- _What needs to be done_: In the entries below, find the line with "Banjanan Yellow Blue" and the line with "1960 LU Auftrag". Repeat exactly everything between them, those two lines included, but not the pictures.

- _Listed entries_:
──────────────────────────────

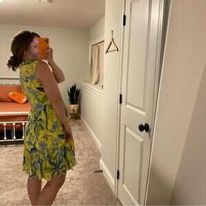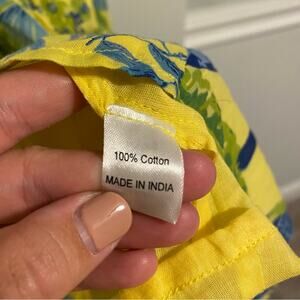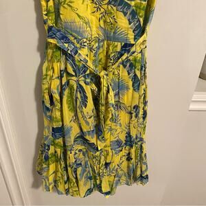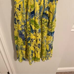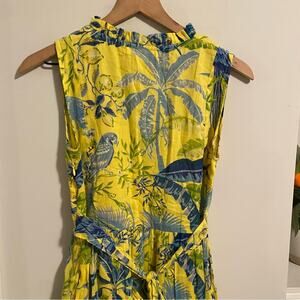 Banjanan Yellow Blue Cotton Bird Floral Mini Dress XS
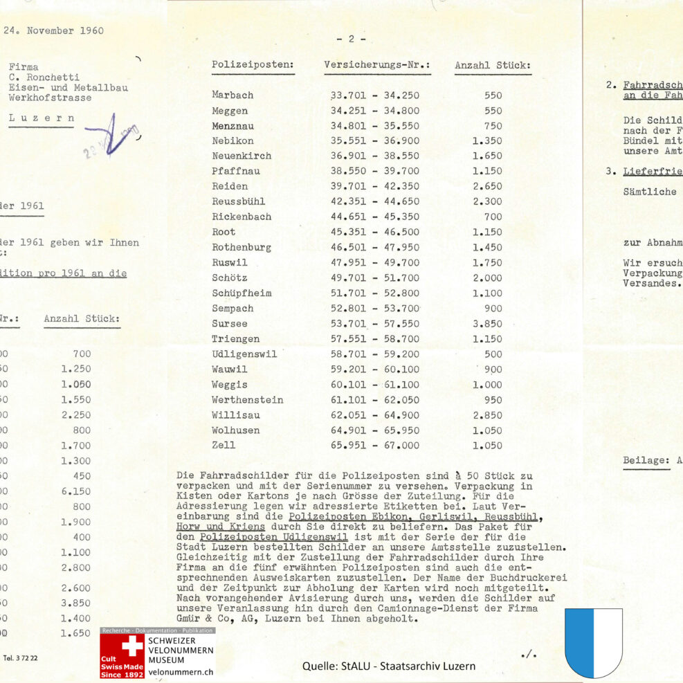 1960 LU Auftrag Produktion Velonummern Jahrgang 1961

──────────────────────────────

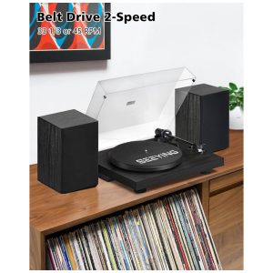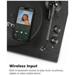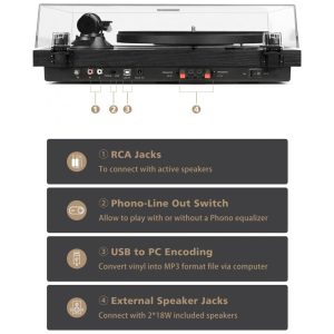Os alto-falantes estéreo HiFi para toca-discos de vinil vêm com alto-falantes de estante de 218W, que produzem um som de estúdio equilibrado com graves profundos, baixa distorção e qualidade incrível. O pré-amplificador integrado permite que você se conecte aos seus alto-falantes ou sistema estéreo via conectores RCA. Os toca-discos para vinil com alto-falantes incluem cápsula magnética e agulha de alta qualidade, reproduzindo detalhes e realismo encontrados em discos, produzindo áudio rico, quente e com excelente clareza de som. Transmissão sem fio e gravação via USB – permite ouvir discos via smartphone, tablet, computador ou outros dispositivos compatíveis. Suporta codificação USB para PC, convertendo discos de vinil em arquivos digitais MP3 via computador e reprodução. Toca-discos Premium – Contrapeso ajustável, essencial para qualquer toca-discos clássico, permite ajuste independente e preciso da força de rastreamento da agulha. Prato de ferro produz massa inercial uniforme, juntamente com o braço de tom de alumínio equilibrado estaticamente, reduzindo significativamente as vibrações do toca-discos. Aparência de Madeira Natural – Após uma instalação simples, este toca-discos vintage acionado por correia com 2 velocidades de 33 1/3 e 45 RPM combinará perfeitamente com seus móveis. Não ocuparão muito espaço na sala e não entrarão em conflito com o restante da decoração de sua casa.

──────────────────────────────

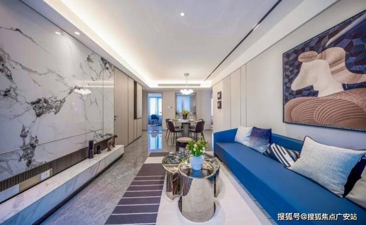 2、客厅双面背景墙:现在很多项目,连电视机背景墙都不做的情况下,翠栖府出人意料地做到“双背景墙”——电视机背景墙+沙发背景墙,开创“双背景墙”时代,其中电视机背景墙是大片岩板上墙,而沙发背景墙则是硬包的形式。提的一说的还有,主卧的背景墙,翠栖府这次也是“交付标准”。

──────────────────────────────

- _Task solution_:
 Banjanan Yellow Blue Cotton Bird Floral Mini Dress XS
 1960 LU Auftrag Produktion Velonummern Jahrgang 1961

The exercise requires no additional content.